WHAT TO DO —
Could you set down exactly the lines in the records below between the line holding "Applitools is a" and the line holding "無錫市各級工業(yè)園區(qū)34個", inclusive?

DATA PROVIDED —
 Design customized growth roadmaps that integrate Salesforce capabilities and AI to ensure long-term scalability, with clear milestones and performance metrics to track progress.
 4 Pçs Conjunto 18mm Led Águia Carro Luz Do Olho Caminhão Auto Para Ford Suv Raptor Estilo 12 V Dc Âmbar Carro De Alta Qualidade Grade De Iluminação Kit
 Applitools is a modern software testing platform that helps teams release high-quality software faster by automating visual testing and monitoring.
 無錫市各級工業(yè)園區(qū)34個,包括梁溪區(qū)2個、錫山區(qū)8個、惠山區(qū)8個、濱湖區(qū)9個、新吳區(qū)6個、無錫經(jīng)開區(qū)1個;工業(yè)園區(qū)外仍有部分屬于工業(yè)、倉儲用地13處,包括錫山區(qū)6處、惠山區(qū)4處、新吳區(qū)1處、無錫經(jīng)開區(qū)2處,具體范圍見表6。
...
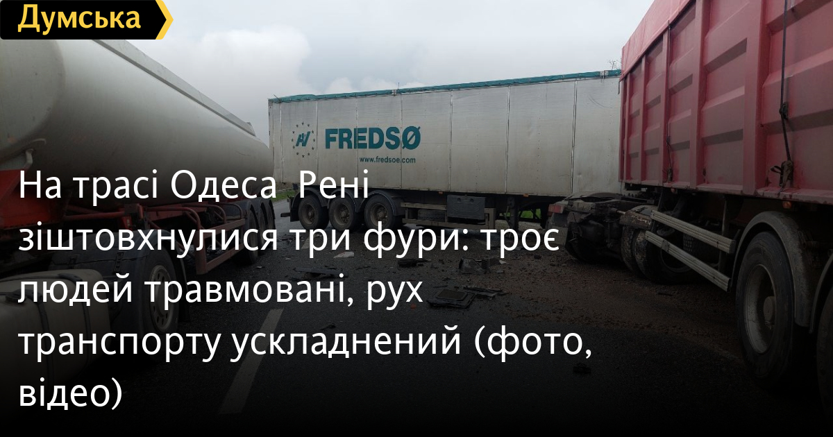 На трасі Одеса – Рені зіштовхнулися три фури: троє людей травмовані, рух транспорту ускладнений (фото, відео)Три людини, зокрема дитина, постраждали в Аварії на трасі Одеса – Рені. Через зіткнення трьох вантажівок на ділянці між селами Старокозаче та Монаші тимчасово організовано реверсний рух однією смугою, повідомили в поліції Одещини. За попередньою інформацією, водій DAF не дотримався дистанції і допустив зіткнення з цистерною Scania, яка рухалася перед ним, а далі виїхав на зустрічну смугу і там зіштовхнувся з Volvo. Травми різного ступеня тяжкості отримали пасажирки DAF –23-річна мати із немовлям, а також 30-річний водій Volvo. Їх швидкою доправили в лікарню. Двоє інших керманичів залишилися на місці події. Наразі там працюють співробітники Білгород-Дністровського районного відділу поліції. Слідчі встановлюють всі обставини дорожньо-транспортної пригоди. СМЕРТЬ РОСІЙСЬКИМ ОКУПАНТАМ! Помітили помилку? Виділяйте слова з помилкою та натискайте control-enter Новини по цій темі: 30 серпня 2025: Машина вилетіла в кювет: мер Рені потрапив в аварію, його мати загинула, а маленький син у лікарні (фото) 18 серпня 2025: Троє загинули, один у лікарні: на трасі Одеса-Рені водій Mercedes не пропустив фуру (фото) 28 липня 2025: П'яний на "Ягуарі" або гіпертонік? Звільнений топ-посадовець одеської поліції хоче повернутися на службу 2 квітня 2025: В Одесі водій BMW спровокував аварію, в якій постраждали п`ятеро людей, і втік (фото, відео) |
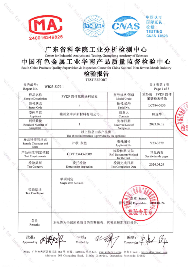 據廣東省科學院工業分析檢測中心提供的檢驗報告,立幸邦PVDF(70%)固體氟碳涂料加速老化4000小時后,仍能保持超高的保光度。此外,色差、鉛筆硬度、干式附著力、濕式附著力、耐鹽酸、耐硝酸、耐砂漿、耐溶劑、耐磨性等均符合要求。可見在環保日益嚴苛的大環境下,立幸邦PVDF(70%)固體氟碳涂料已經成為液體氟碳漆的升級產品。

ANSWER FOR THE TASK —
 Applitools is a modern software testing platform that helps teams release high-quality software faster by automating visual testing and monitoring.
 無錫市各級工業(yè)園區(qū)34個,包括梁溪區(qū)2個、錫山區(qū)8個、惠山區(qū)8個、濱湖區(qū)9個、新吳區(qū)6個、無錫經(jīng)開區(qū)1個;工業(yè)園區(qū)外仍有部分屬于工業(yè)、倉儲用地13處,包括錫山區(qū)6處、惠山區(qū)4處、新吳區(qū)1處、無錫經(jīng)開區(qū)2處,具體范圍見表6。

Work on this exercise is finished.